Department of Neurology, UKD and Center for Neurology and Neuropsychiatry, LVR Klinikum, Medical Faculty, Heinrich Heine University, Düsseldorf, Germany.
CSL Behring LLC, King of Prussia, PA, USA.
Eur J Neurol. 2020 Jan;27(1):196-203. doi: 10.1111/ene.14056. Epub 2019 Sep 23.
Chronic inflammatory demyelinating polyneuropathy (CIDP) causes weakness which adversely impacts function and quality of life (QOL). CIDP often requires long-term management with intravenous or subcutaneous immunoglobulin. The Polyneuropathy and Treatment with Hizentra® (PATH) study showed that subcutaneous immunoglobulin (SCIG) was efficacious in CIDP maintenance. Here, patient-reported outcomes in patients on SCIG are assessed.
Subjects stabilized on intravenous immunoglobulin were randomly allocated to receive weekly 0.2 or 0.4 g/kg bodyweight of 20% SCIG (IgPro20) or placebo. Overall QOL/health status was assessed using the EuroQoL 5-Dimension (EQ-5D) health profile and visual analog scale, treatment satisfaction was assessed with the Treatment Satisfaction Questionnaire for Medicine (TSQM) and work-related impact was assessed with the Work Productivity and Activity Impairment Questionnaire for General Health (WPAI-GH). The EQ-5D health profile was assessed in terms of the percentage of subjects maintained or improved at week 25 of SCIG therapy on each of the EQ-5D domains versus baseline after intravenous immunoglobulin stabilization.

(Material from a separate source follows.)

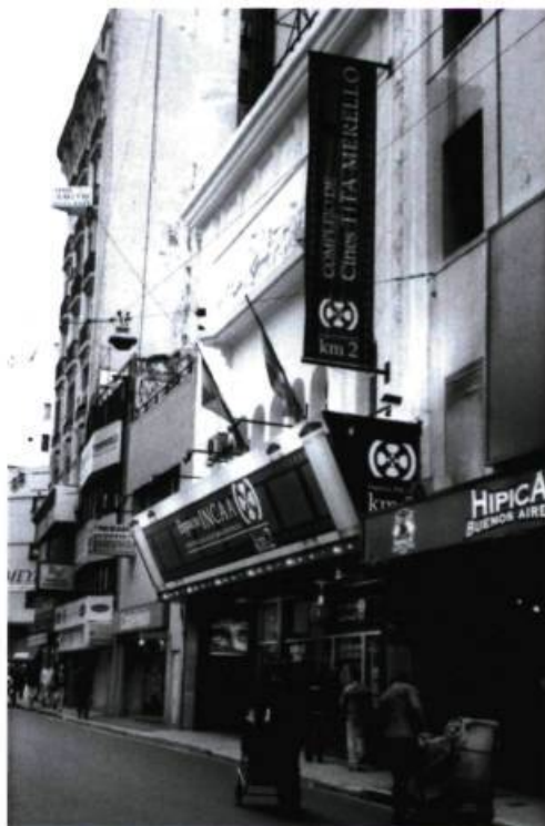
Espacio Tita-Merello/Km/2, le premier cinéma repris par l'INCAA, dans le quartier des cinémas en plein centre de Buenos Aires.

Grand centre de production cinématographique pendant les années 1930-1950, l'Argentine a une culture et une tradition cinématographiques. On y produisait des films sur une base industrielle, bien avant le Québec et le Canada. Toutefois, il faut noter que, contrairement à chez nous, l'INCAA 1 , même s'il revendiquait récemment son autonomie, ne s'est pas transformé en «partenaire» capitaliste de la production : il est plutôt devenu un protecteur officiel de la culture et du patrimoine national qu'est la création cinématographique.

TSQM and WPAI-GH were assessed by median score changes from baseline to week 25.
In total, 172 subjects were randomized to placebo (n = 57), 0.2 g/kg IgPro20 (n = 57) and 0.4 g/kg IgPro20 (n = 58). Significantly higher proportions of IgPro20-treated subjects improved/maintained their health status on the EQ-5D usual activities dimension, and in additional dimensions (mobility and pain/discomfort) in sensitivity analyses. TSQM and WPAI-GH scores were more stable with IgPro20 treatment compared with placebo.

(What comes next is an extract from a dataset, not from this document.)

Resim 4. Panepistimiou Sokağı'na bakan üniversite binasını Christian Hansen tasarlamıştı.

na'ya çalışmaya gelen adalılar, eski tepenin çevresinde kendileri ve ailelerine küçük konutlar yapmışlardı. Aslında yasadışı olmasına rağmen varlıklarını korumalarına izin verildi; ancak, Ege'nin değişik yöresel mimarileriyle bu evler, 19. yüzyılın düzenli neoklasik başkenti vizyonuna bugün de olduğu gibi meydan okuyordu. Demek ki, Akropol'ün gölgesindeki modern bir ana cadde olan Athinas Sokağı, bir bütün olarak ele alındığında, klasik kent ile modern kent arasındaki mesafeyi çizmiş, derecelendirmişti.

IgPro20 maintained or improved QOL in most subjects with CIDP, consistent with the PATH study findings that both IgPro20 doses were efficacious in maintaining CIDP.
慢性炎症性脱髓鞘性多发性神经病(CIDP)引起的虚弱会对功能和生活质量(QOL)产生不利影响。CIDP 通常需要长期使用静脉注射或皮下免疫球蛋白进行治疗。多神经病和 Hizentra®(PATH)治疗研究表明,皮下免疫球蛋白(SCIG)在 CIDP 维持治疗中有效。在此,评估了接受 SCIG 治疗的患者的患者报告结局。
静脉注射免疫球蛋白稳定的受试者被随机分配接受每周 0.2 或 0.4 g/kg 体重的 20% SCIG(IgPro20)或安慰剂。使用欧洲五维健康量表(EQ-5D)健康概况和视觉模拟量表评估总体 QOL/健康状况,使用治疗满意度问卷(TSQM)评估治疗满意度,使用一般健康工作生产力和活动障碍问卷(WPAI-GH)评估与工作相关的影响。根据在静脉注射免疫球蛋白稳定后的每个 EQ-5D 域中,接受 SCIG 治疗 25 周时相对于基线,维持或改善的患者百分比,评估 EQ-5D 健康概况。根据从基线到第 25 周的中位数评分变化,评估 TSQM 和 WPAI-GH。
共有 172 名受试者被随机分配至安慰剂(n=57)、0.2 g/kg IgPro20(n=57)和 0.4 g/kg IgPro20(n=58)。在敏感性分析中,接受 IgPro20 治疗的患者在 EQ-5D 日常活动维度以及其他维度(移动性和疼痛/不适)上改善/维持健康状况的比例明显更高。与安慰剂相比,IgPro20 治疗的 TSQM 和 WPAI-GH 评分更稳定。
IgPro20 维持或改善了大多数 CIDP 患者的 QOL,与 PATH 研究结果一致,即两种 IgPro20 剂量均有效维持 CIDP。